[Given information]:

BEGIN

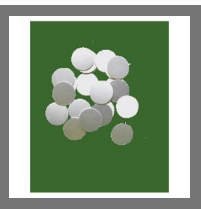
Induction Wads For Glass Bottles
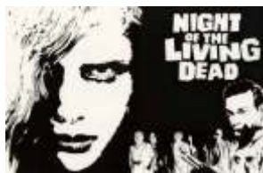
Night of the Living Dead October 2015
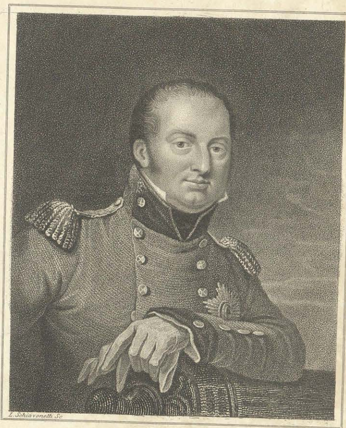
His Royal Highness the DUKE OF YORK.

END

[Exercise objective]: Every line above must be printed again exactly, pictures excluded.

[The answer]:
Induction Wads For Glass Bottles
Night of the Living Dead October 2015
His Royal Highness the DUKE OF YORK.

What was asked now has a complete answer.